ECLI:NL:GHDHA:2022:2752

Gerechtshof Den Haag

Datum uitspraak
7 december 2022
Publicatiedatum
17 januari 2023
Zaaknummer
BK-22/00483
Instantie
Gerechtshof Den Haag
Type
Uitspraak
Procedures
  • Hoger beroep
Vindplaatsen
  • Rechtspraak.nl
AI samenvatting door LexboostAutomatisch gegenereerd

Hoger beroep inzake de vastgestelde waarde van een woning onder de Wet WOZ

In deze zaak gaat het om een hoger beroep tegen de uitspraak van de Rechtbank Den Haag, waarin de waarde van een woning is vastgesteld door de Heffingsambtenaar van de Belastingsamenwerking Gouwe-Rijnland. De belanghebbende, eigenaar van een appartement, heeft bezwaar gemaakt tegen de vastgestelde waarde van € 441.000, die op 1 januari 2019 is vastgesteld. De belanghebbende bepleit een lagere waarde van € 434.000, onderbouwd met een rapport van Vastgoedpro. De Heffingsambtenaar heeft de waarde verdedigd met een matrix van vergelijkingsobjecten en grafieken van waardeontwikkeling. De Rechtbank heeft het beroep van de belanghebbende ongegrond verklaard, waarna de belanghebbende in hoger beroep is gegaan.

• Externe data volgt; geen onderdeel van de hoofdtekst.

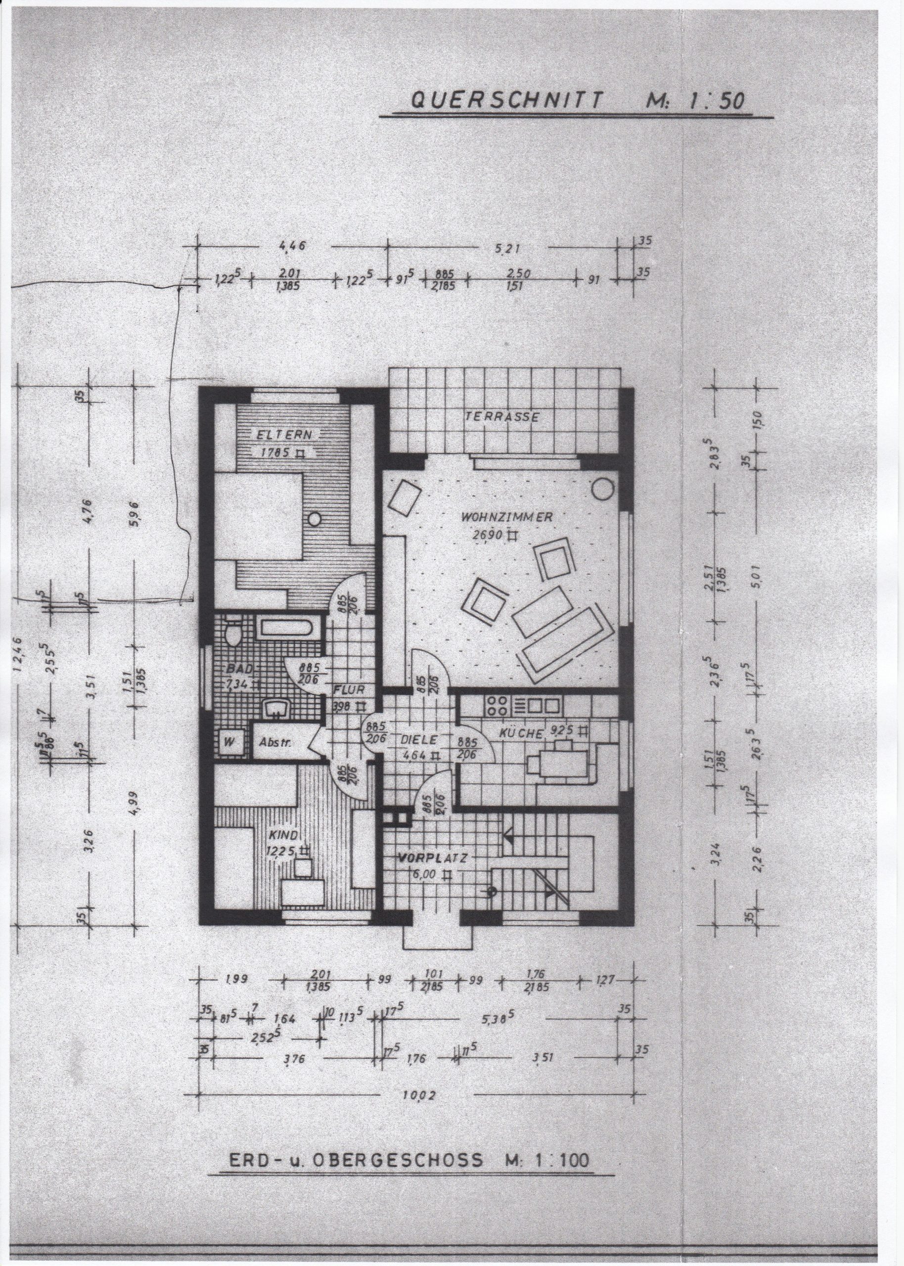 Wohnzimmer, Elternschlafzimmer, Kinderzimmer, Badezimmer, Küche, 2 Flure, Terrasse

Tijdens de mondelinge behandeling heeft het Hof de argumenten van beide partijen gehoord. De belanghebbende heeft aangevoerd dat de Heffingsambtenaar onvoldoende rekening heeft gehouden met de ligging van de woning, de onderhoudsreserve van de VvE en de indexeringspercentages. Het Hof heeft echter geoordeeld dat de Heffingsambtenaar voldoende aannemelijk heeft gemaakt dat de vastgestelde waarde niet te hoog is en dat de vergelijkingsobjecten goed bruikbaar zijn voor de waardebepaling. Het Hof heeft de uitspraak van de Rechtbank bevestigd en het hoger beroep ongegrond verklaard. De proceskosten zijn niet toegewezen.

Uitspraak

GERECHTSHOF DEN HAAG

Team Belastingrecht
meervoudige kamer
nummer BK-22/00483

Uitspraak van 7 december 2022

in het geding tussen:

[X] te [Z] , belanghebbende,

(gemachtigde: G. Gieben)
en
de heffingsambtenaar van de Belastingsamenwerking Gouwe-Rijnland, de Heffingsambtenaar,
(vertegenwoordiger: […] )
op het hoger beroep van belanghebbende tegen de uitspraak van de Rechtbank Den Haag (de Rechtbank) van 28 maart 2022, SGR 21/73.

Procesverloop

1.1.
De Heffingsambtenaar heeft bij beschikking van 29 februari 2020 op grond van artikel 22 van de Wet waardering onroerende zaken (Wet WOZ) de waarde op 1 januari 2019 (de waardepeildatum) van de onroerende zaak, plaatselijk bekend als [adres] te [woonplaats] (de woning), voor het kalenderjaar 2020 vastgesteld op € 441.000 (de beschikking). Met de beschikking is in één geschrift bekendgemaakt en verenigd de aan belanghebbende voor het jaar 2020 opgelegde aanslag onroerende-zaakbelastingen (de aanslag).
1.2.
Bij uitspraak op bezwaar heeft de Heffingsambtenaar het bezwaar tegen de beschikking en de aanslag ongegrond verklaard.
1.3.
Belanghebbende heeft tegen de uitspraak op bezwaar beroep bij de Rechtbank ingesteld. Ter zake van het beroep is een griffierecht geheven van € 49. De Rechtbank heeft het beroep ongegrond verklaard.
1.4.
Belanghebbende heeft tegen de uitspraak van de Rechtbank hoger beroep ingesteld bij het Hof. Ter zake is € 136 griffierecht geheven. De Heffingsambtenaar heeft een verweerschrift ingediend. Bij brief van 24 oktober 2022 heeft de Heffingsambtenaar een nader stuk ingediend.
1.5.
De mondelinge behandeling van de zaak heeft plaatsgehad ter zitting van het Hof van 26 oktober 2022. Partijen zijn verschenen. Van het verhandelde ter zitting is een proces-verbaal opgemaakt.
Feiten
2.1.
Belanghebbende is eigenaar van de woning. Het betreft een appartement uit het bouwjaar 2017 met een inhoud van 381 m3. De woning is verder voorzien van een berging en een parkeerplaats.
2.2.
Belanghebbende heeft in beroep ter onderbouwing van de door hem bepleite waarde van € 434.000 een Rapport prijsontwikkeling woningen overgelegd van Vastgoedpro. Hierin is de koopsom van de woning van € 379.000 vanaf de transactiedatum 1 september 2017 met een percentage van 14,6 geïndexeerd naar de waardepeildatum. De geïndexeerde koopsom is in het rapport bepaald op € 434.503.
2.3.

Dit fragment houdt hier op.